Monitoring symptom severity in patients at clinical high risk (CHR) for schizophrenia is crucial for timely and effective treatment. Traditionally, tools like the Brief Psychiatric Rating Scale (BPRS) are used, but their administration requires lengthy, structured interviews, limiting their use in everyday clinical practice.

A recent study, titled “Using Large Language Models to Measure Symptom Severity in Patients At Risk for Schizophrenia” by Andrew X. Chen, Guillermo Horga, and Sean Escola, explores a promising new approach: leveraging large language models (LLMs) to predict BPRS scores directly from clinical interview transcripts. This innovative research utilized data from 409 CHR patients within the Accelerating Medicines Partnership Schizophrenia (AMP-SCZ) cohort.

LLMs in Action: Predicting Symptom Severity

The researchers fed de-identified clinical interview transcripts into an LLM (specifically, OpenAI’s o3-mini-2025-01-31 model). These interviews were not specifically designed to measure BPRS scores, yet the LLM was tasked with predicting them in a “zero-shot” manner, meaning it had no prior training on this specific dataset or task-specific examples. The study analyzed two types of interviews: semi-structured PSYCHS interviews and more free-form open interviews.

The results were compelling. For PSYCHS transcripts, the LLM’s predictions showed a median concordance of 0.84 and an Intraclass Correlation Coefficient (ICC) of 0.73. These figures are remarkably close to reported human inter- and intra-rater reliability for BPRS assessments, which typically show a median concordance of 0.83 and an ICC of 0.70. This suggests that LLMs can infer symptom severity with an accuracy comparable to human experts.

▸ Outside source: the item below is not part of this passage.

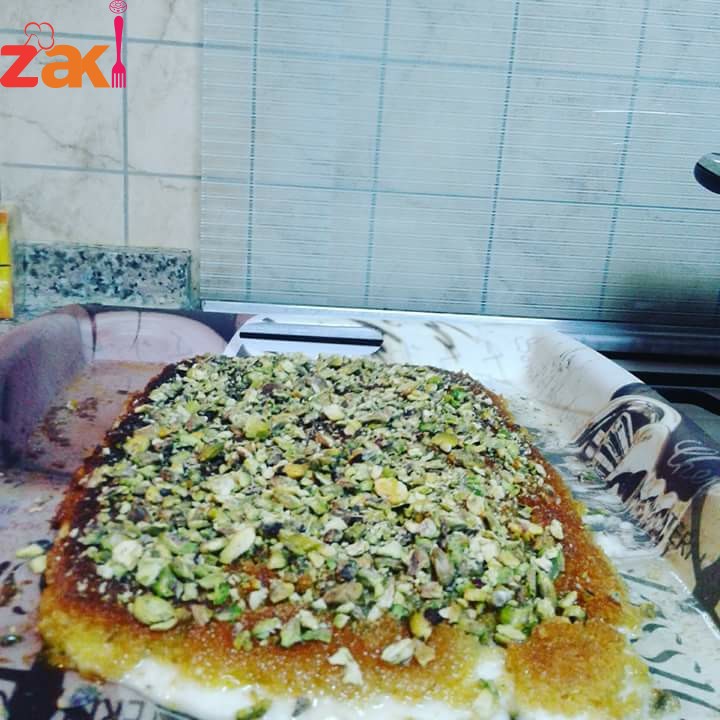 ونطلعها ونعمل بالسكين عالحواف ونقلبها بحذر على صينية اكبر وممكن تعمليها بصينية مدورة حسب الزوق ونزينها بتلفستق الحلبي وبعدين تشربها بالقطر ،،،،وكلي وتهني خفيفة وطييية ووووصحة وعافية

However, the LLM’s performance was less accurate with open interview transcripts, which are less structured and vary widely in content. In these cases, the model tended to underestimate total BPRS scores, particularly for affective symptoms like anxiety and depression, and positive symptoms such as suspiciousness and hallucinations. This highlights the importance of structured information for accurate assessment.

Beyond English: Cross-Language Assessment

One of the most exciting findings was the LLM’s ability to assess symptoms from foreign language transcripts (primarily Spanish and Korean) using the same English-language prompt. The model performed comparably well, demonstrating a median concordance of 0.89 and an ICC of 0.70 for PSYCHS interviews in foreign languages. The LLM even seamlessly integrated foreign words into its English explanations, showcasing its latent cross-language capability. This feature could significantly standardize symptom assessment across diverse, multi-national research collaborations.

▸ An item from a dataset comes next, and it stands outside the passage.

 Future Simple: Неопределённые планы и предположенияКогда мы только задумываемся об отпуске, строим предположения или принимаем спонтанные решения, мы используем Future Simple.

Integrating Longitudinal Data for Improved Accuracy

The study also explored how providing the LLM with previous interview transcripts and their corresponding BPRS scores (longitudinal data) could enhance performance. In patients with multiple time points, a “one-shot” learning approach, where the LLM was given a previous transcript and its true score, resulted in the most accurate predictions. This suggests that LLMs can adapt to an individual’s specific treatment course, a long-standing goal in precision psychiatry.

Also Read:

Implications and Future Directions

This research provides a strong proof of concept that contemporary LLMs can approximate expert human ratings on complex psychiatric scales using routine clinical text, even across different languages. By potentially lowering the logistical barriers to structured symptom assessment, this approach could accelerate research, harmonize multi-site collaborations, and ultimately support earlier and more precise interventions for individuals at risk of schizophrenia.

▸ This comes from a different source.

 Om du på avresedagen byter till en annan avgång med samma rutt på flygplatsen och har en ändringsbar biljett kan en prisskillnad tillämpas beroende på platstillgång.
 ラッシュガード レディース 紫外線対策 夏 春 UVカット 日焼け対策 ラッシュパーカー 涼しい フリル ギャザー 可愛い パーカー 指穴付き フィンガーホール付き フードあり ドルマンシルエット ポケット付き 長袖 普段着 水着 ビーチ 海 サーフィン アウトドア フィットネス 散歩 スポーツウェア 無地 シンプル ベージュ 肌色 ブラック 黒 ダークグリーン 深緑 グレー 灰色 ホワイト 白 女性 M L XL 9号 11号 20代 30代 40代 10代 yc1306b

While promising, the study acknowledges limitations, including sensitivity to prompt wording, the need for more complete data on other disease-specific scales, and the current sparsity of very long-term longitudinal data. Future work may involve integrating other data modalities like video or audio, and fine-tuning LLMs with larger datasets to further improve performance and detect subtle changes in symptom severity over time.

For more detailed information, you can read the full research paper here.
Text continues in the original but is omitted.